Data records
****************************************
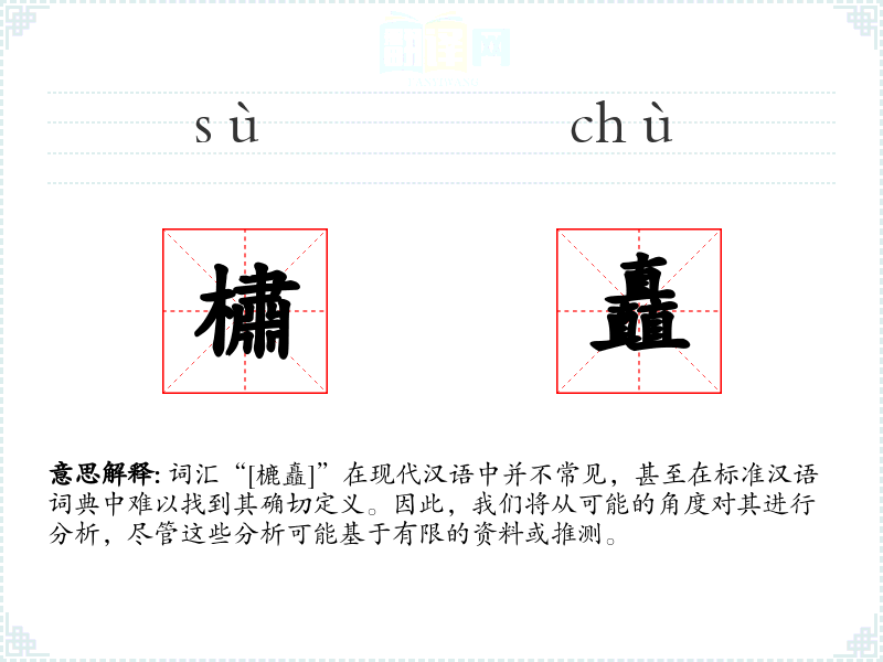 词汇“[樚矗]”在现代汉语中并不常见,甚至在标准汉语词典中难以找到其确切定义。因此,我们将从可能的角度对其进行分析,尽管这些分析可能基于有限的资料或推测。
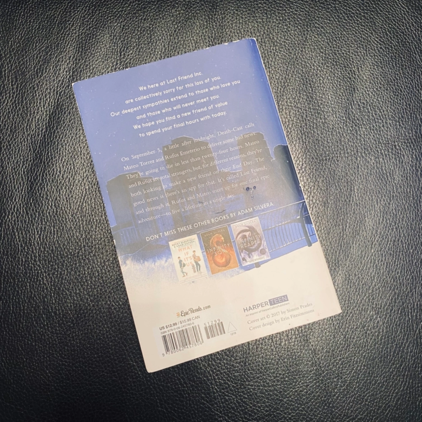 Paperback copy of They Both Die at the End. New York Times bestseller. Includes a sneak peek at Infinity Son. Great condition. Excellent book about mortality and living life to the fullest. #dystopian #teen #YA #fiction #lgbqt #queer #death #technology #freecycle
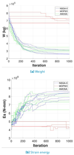 Moreover, Figure 14 shows the convergence of the extreme values (minimum weight and minimum strain energy) of the Pareto front during the 1000 iterations for each of the algorithms (NSGA-II, MOPSO and AMOSA) in each of the five runs.
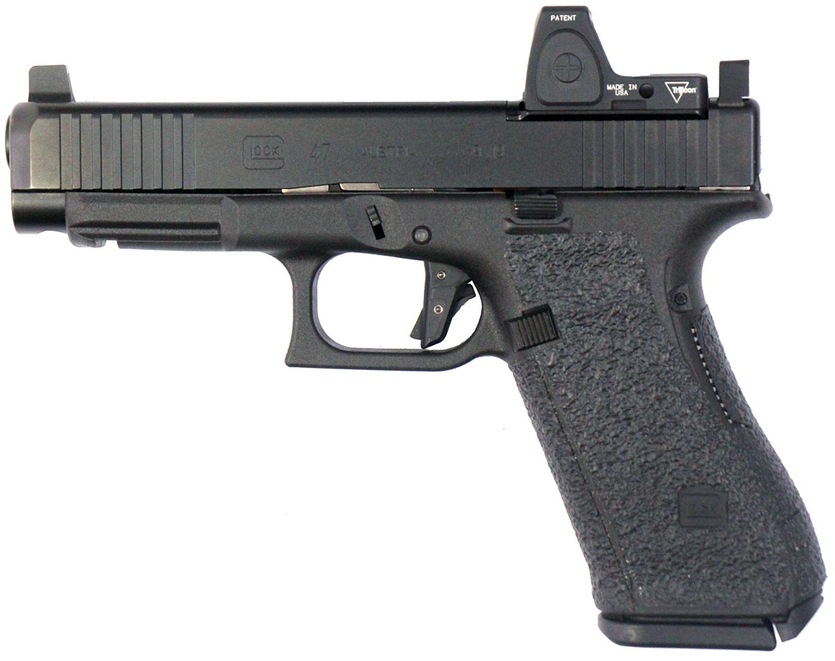 This is a used Glock 47 MOS pistol chambered in 9mm. It features a 4.49-inch barrel, 17-round magazines, accessory rail, Talon grip tape, Johnny Glocks trigger, Trijicon RMR RM06 red dot, and Trijicon suppressor height night sights. Includes factory box, manual, magazine loading tool, and two magazines. Overall, this Glock is in very good condition with minimal wear. this would be a great choice for home defense. Buy online today!
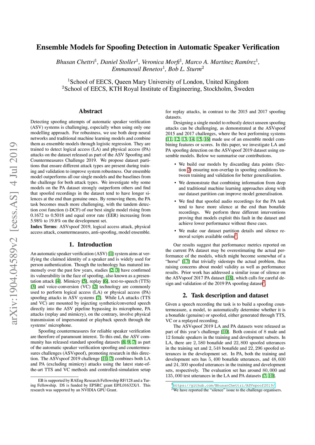 Detecting spoofing attempts of automatic speaker verification (ASV) systems is challenging, especially when using only one modeling approach. For robustness, we use both deep neural networks and traditional machine learning models and combine them as ensemble models through logistic regression. They are trained to detect logical access (LA) and physical access (PA) attacks on the dataset released as part of the ASV Spoofing and Countermeasures Challenge 2019. We propose dataset partitions that ensure different attack types are present during training and validation to improve system robustness. Our ensemble model outperforms all our single models and the baselines from the challenge for both attack types. We investigate why some models on the PA dataset strongly outperform others and find that spoofed recordings in the dataset tend to have longer silences at the end than genuine ones. By removing them, the PA task becomes much more challenging, with the tandem detection cost function (t-DCF) of our best single model rising from 0.1672 to 0.5018 and equal error rate (EER) increasing from 5.98% to 19.8% on the development set.
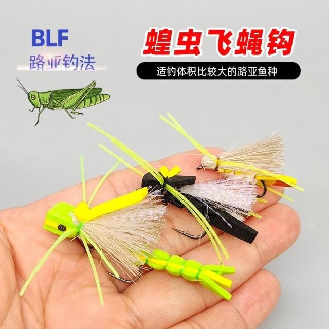 🦈不空軍漁具店 蝗蟲仿真飛蠅鉤 飛釣路亞假餌擬餌浮水飛蠅餌 陸生昆蟲仿生餌
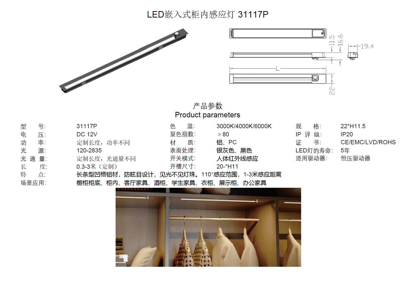 LED明裝式柜內(nèi)手掃感應(yīng)燈 20724M
****************************************
→ Exercise requirements: Reproduce all entries without any change, and omit the pictures.

→ Answer area:
 词汇“[樚矗]”在现代汉语中并不常见,甚至在标准汉语词典中难以找到其确切定义。因此,我们将从可能的角度对其进行分析,尽管这些分析可能基于有限的资料或推测。
 Paperback copy of They Both Die at the End. New York Times bestseller. Includes a sneak peek at Infinity Son. Great condition. Excellent book about mortality and living life to the fullest. #dystopian #teen #YA #fiction #lgbqt #queer #death #technology #freecycle
 Moreover, Figure 14 shows the convergence of the extreme values (minimum weight and minimum strain energy) of the Pareto front during the 1000 iterations for each of the algorithms (NSGA-II, MOPSO and AMOSA) in each of the five runs.
 This is a used Glock 47 MOS pistol chambered in 9mm. It features a 4.49-inch barrel, 17-round magazines, accessory rail, Talon grip tape, Johnny Glocks trigger, Trijicon RMR RM06 red dot, and Trijicon suppressor height night sights. Includes factory box, manual, magazine loading tool, and two magazines. Overall, this Glock is in very good condition with minimal wear. this would be a great choice for home defense. Buy online today!
 Detecting spoofing attempts of automatic speaker verification (ASV) systems is challenging, especially when using only one modeling approach. For robustness, we use both deep neural networks and traditional machine learning models and combine them as ensemble models through logistic regression. They are trained to detect logical access (LA) and physical access (PA) attacks on the dataset released as part of the ASV Spoofing and Countermeasures Challenge 2019. We propose dataset partitions that ensure different attack types are present during training and validation to improve system robustness. Our ensemble model outperforms all our single models and the baselines from the challenge for both attack types. We investigate why some models on the PA dataset strongly outperform others and find that spoofed recordings in the dataset tend to have longer silences at the end than genuine ones. By removing them, the PA task becomes much more challenging, with the tandem detection cost function (t-DCF) of our best single model rising from 0.1672 to 0.5018 and equal error rate (EER) increasing from 5.98% to 19.8% on the development set.
 🦈不空軍漁具店 蝗蟲仿真飛蠅鉤 飛釣路亞假餌擬餌浮水飛蠅餌 陸生昆蟲仿生餌
 LED明裝式柜內(nèi)手掃感應(yīng)燈 20724M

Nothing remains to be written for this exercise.